Hiroshi Sugimoto at Lisson Gallery – Artillery
17 January 2025
The entrance to Hiroshi Sugimoto’s exhibition at Lisson Gallery, “Form is Emptiness, Emptiness is Form” is partially blocked by a curved wooden wall. The wall commands recognition, separating the exhibition from the outside world. It immediately invites the visitor to become a conscious, active participant, as if asking us to wait behind the scenes for our cue to enter center stage. At the very least, the entrance articulates a request for commitment on the part of the viewer and establishes certain visual rules and sensorial dynamics. Beyond active participation, the massive installation indicates that the space will defy our expectations.

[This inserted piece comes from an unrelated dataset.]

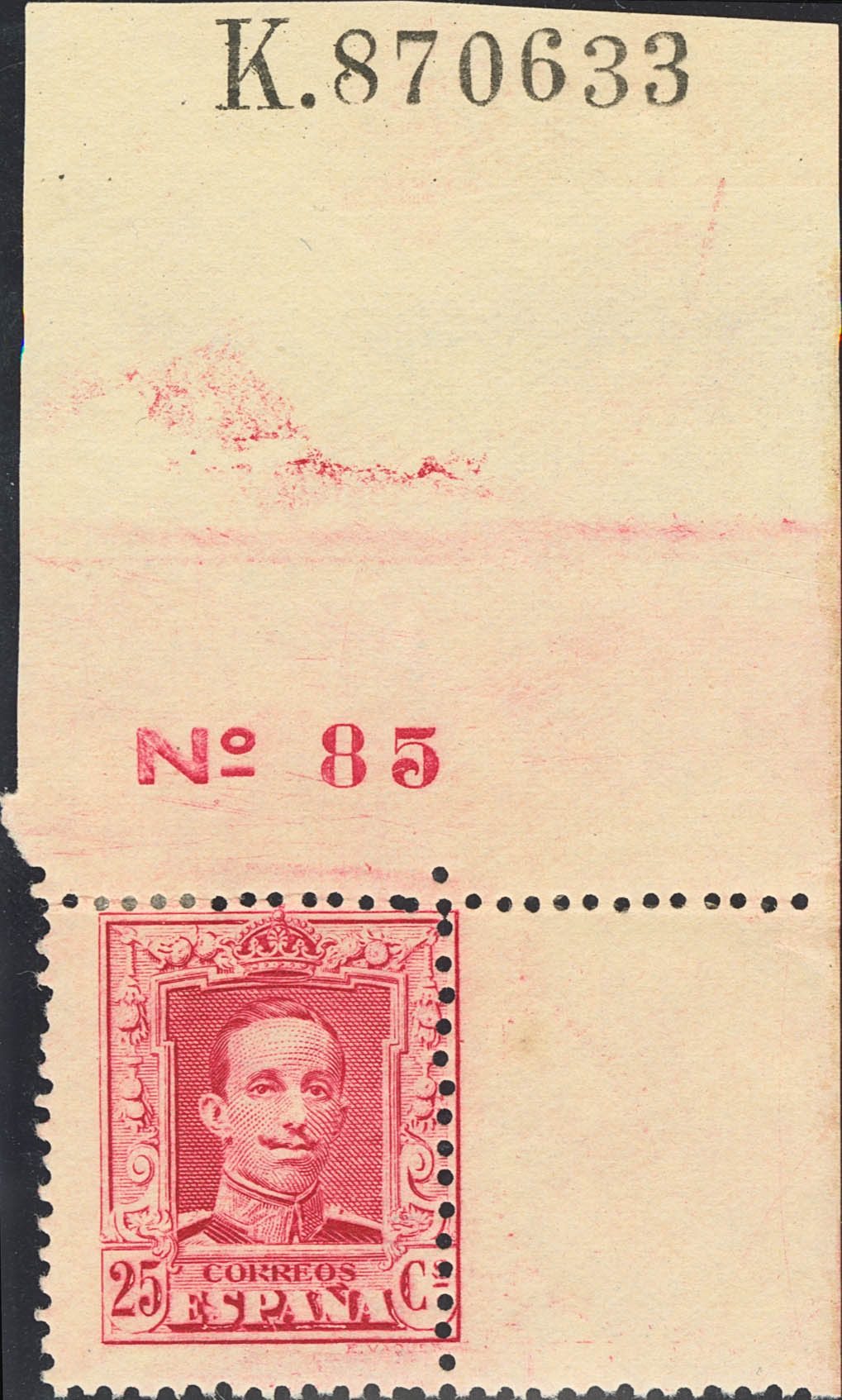 ★★ 317nn. 1922. 25 cts carmín, Tipo II, esquina de pliego. DOBLE NUMERACION. MAGNIFICO Y RARO.

The show marks the return of the renowned conceptual photographer, artist, and architect to Los Angeles for the first time in over a decade. Sugimoto, who was born in Tokyo and graduated from LA’s Art Center College of Design in 1972, uses cameras and photographic processes to explore time, light, and the relationships between truth, fiction, and vision. In past bodies of work spanning a decades-long career, Sugimoto documented dioramas at New York’s American Museum of Natural History and movie theaters across the country; he presented wax figures isolated from their museum context in ethereal, dramatic portraits; he captured bursts of electrical energy on dry plates in his darkroom; and he photographed horizon lines worldwide, framing cloudless skies and sharp lines as an origin point for his own consciousness. The artist’s in-depth investigations of visual perception, natural elements and photographic properties articulate a concern with collective and personal histories and the markings of time, as well as the limitations and possibilities of human perception.